(Entries taken from a collection)
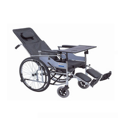 轮椅自带坐便功能,仿皮坐垫,配有餐桌,全电镀车架,可半躺!是一款功能齐全性价比非常高的轮椅!
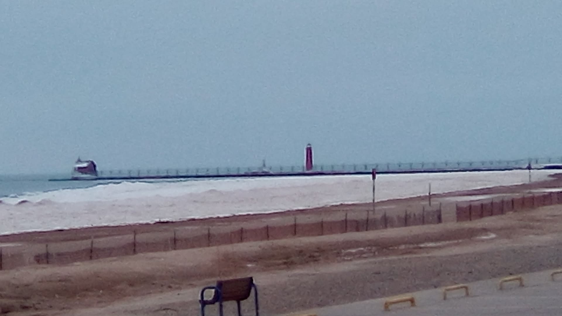 Grand Haven pier and lighthouse… there is a blanket of ice several inches thick on the pier and an ice shelf with 10 ft high mounds cast up by the waves, to my left (sadly did not catch that portion). It’s about 35 degrees today, so quite a bit warmer than before during the blizzard. Thanks
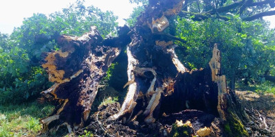 Superćelijska oluja slomila sveto drvo staro 4 veka! Meštani sela Masloševo uz molitvu se opraštaju od hrasta (FOTO)
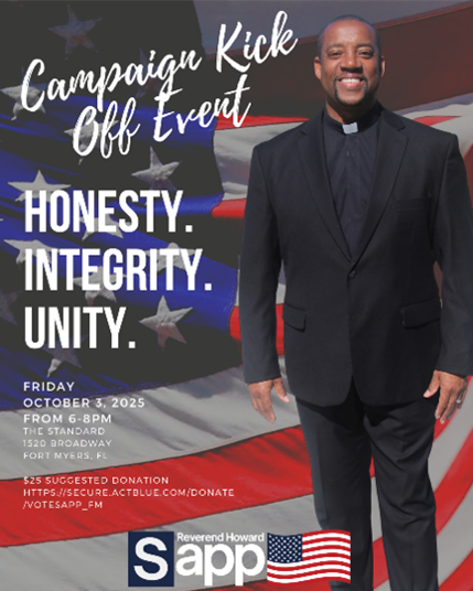 This week, (October 3), Howard Sapp will officially kickoff his campaign in downtown Ft. Myers at the Standard Restaurant at 1520 Broadway in what promises to be an exciting time for all. The event will start at 6pm with free valet parking.
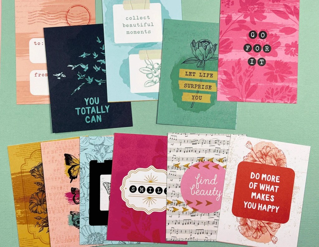 If you look closely, there is one paper in there that doesn’t really seem to fit with the original inspiration. Notice it? It is a Jen Hadfield piece from Flower Child. It features roller skates, scooters, and bikes. It steps out of the soft romantic vibe of Maggie Holmes and lands us in modern graphic vibe.
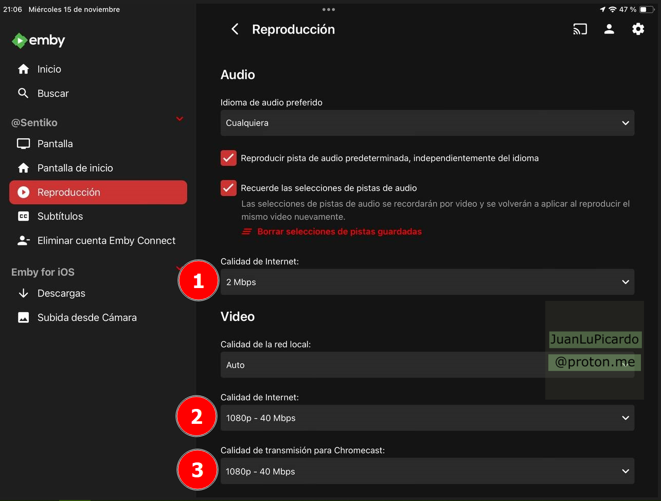 3- Opcional si usas Chromecast: Calidad de transmisión para Chromecast: 1080 - 40 Mbps.
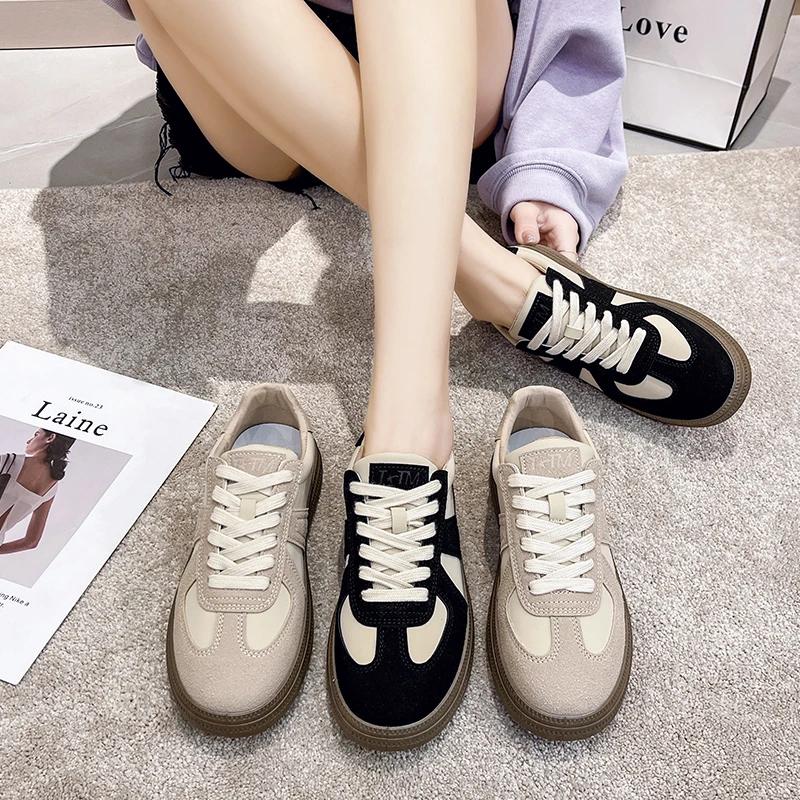 Модная обувь для женщин 2024 года, трендовые женские кроссовки из коровьей замши, разноцветные кроссовки на плоской подошве, женская повседневная обувь, мода, размер плюс 40 — купить товар онлайн с бесплатной доставкой по всему миру!
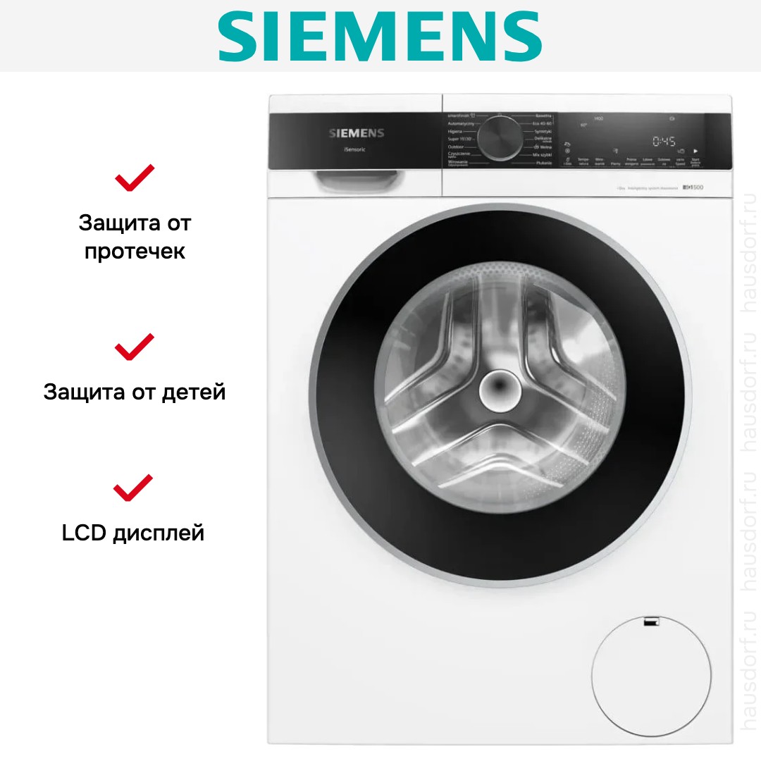 Стиральная машина Siemens WG44G2FWPL имеет стильный дизайн с белым корпусом и контрастным чёрным люком, что делает её органичной в любом современном интерьере. Внешний вид продуман до мелочей: наклонная панель для удобного доступа к органам управления и крупный цифровой дисплей упрощают выбор программ и их контроль. Боковые стенки антивибрационной конструкции уменьшают тряску при отжиме, что не только делает работу тише, но и снижает нагрузку на механизм.
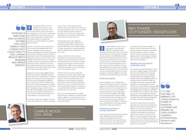 Time-consuming manual tasks and processes hinder SME growth . Financial software solutions like HedgeFlows introduce automation features , reducing manual data entry and minimising errors . By automating routine tasks such as international bulk payments and reconciliations , SMEs can allocate resources efficiently and focus on strategic initiatives . Streamlined operations improve productivity , reduce costs and enhance customer satisfaction . Acting as a digital assistant , financial software elevates efficiency levels , helping SMEs thrive in the international marketplace .
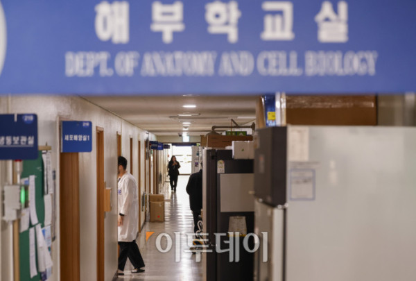 ▲정부가 정한 의대생 복귀 시한일인 31일 서울 종로구 서울대학교 의과대학 해부학교실 복도에서 학생들이 발걸음을 옮기고 있다. 빅5 의대(서울대·연세대·성균관대·카톨릭대·울산대)를 포함해 고려대와 국가거점국립대인 충남대·부산대 의대 휴학생들이 전원 돌아오면서 1년 넘게 이어진 집단휴학 사태도 마무리 국면에 들어서는 모양새다. 이날 각 대학에 따르면 가천대·건국대·계명대·단국대·대구가톨릭대·아주대·원광대·한양대가 등록·복학 신청을 마감한다. 이로써 4월 초·중순까지 신청 기한을 연장한 강원대와 전북대를 제외한 38개 의대가 이날까지 의대생 등록·복학 신청을 종료하게 됐다. 조현호 기자 hyunho@

### INSTRUCTIONS TO FOLLOW
Make an exact copy of every entry above, but keep the pictures out of it.

### SOLUTION TO THE EXERCISE
 轮椅自带坐便功能,仿皮坐垫,配有餐桌,全电镀车架,可半躺!是一款功能齐全性价比非常高的轮椅!
 Grand Haven pier and lighthouse… there is a blanket of ice several inches thick on the pier and an ice shelf with 10 ft high mounds cast up by the waves, to my left (sadly did not catch that portion). It’s about 35 degrees today, so quite a bit warmer than before during the blizzard. Thanks
 Superćelijska oluja slomila sveto drvo staro 4 veka! Meštani sela Masloševo uz molitvu se opraštaju od hrasta (FOTO)
 This week, (October 3), Howard Sapp will officially kickoff his campaign in downtown Ft. Myers at the Standard Restaurant at 1520 Broadway in what promises to be an exciting time for all. The event will start at 6pm with free valet parking.
 If you look closely, there is one paper in there that doesn’t really seem to fit with the original inspiration. Notice it? It is a Jen Hadfield piece from Flower Child. It features roller skates, scooters, and bikes. It steps out of the soft romantic vibe of Maggie Holmes and lands us in modern graphic vibe.
 3- Opcional si usas Chromecast: Calidad de transmisión para Chromecast: 1080 - 40 Mbps.
 Модная обувь для женщин 2024 года, трендовые женские кроссовки из коровьей замши, разноцветные кроссовки на плоской подошве, женская повседневная обувь, мода, размер плюс 40 — купить товар онлайн с бесплатной доставкой по всему миру!
 Стиральная машина Siemens WG44G2FWPL имеет стильный дизайн с белым корпусом и контрастным чёрным люком, что делает её органичной в любом современном интерьере. Внешний вид продуман до мелочей: наклонная панель для удобного доступа к органам управления и крупный цифровой дисплей упрощают выбор программ и их контроль. Боковые стенки антивибрационной конструкции уменьшают тряску при отжиме, что не только делает работу тише, но и снижает нагрузку на механизм.
 Time-consuming manual tasks and processes hinder SME growth . Financial software solutions like HedgeFlows introduce automation features , reducing manual data entry and minimising errors . By automating routine tasks such as international bulk payments and reconciliations , SMEs can allocate resources efficiently and focus on strategic initiatives . Streamlined operations improve productivity , reduce costs and enhance customer satisfaction . Acting as a digital assistant , financial software elevates efficiency levels , helping SMEs thrive in the international marketplace .
 ▲정부가 정한 의대생 복귀 시한일인 31일 서울 종로구 서울대학교 의과대학 해부학교실 복도에서 학생들이 발걸음을 옮기고 있다. 빅5 의대(서울대·연세대·성균관대·카톨릭대·울산대)를 포함해 고려대와 국가거점국립대인 충남대·부산대 의대 휴학생들이 전원 돌아오면서 1년 넘게 이어진 집단휴학 사태도 마무리 국면에 들어서는 모양새다. 이날 각 대학에 따르면 가천대·건국대·계명대·단국대·대구가톨릭대·아주대·원광대·한양대가 등록·복학 신청을 마감한다. 이로써 4월 초·중순까지 신청 기한을 연장한 강원대와 전북대를 제외한 38개 의대가 이날까지 의대생 등록·복학 신청을 종료하게 됐다. 조현호 기자 hyunho@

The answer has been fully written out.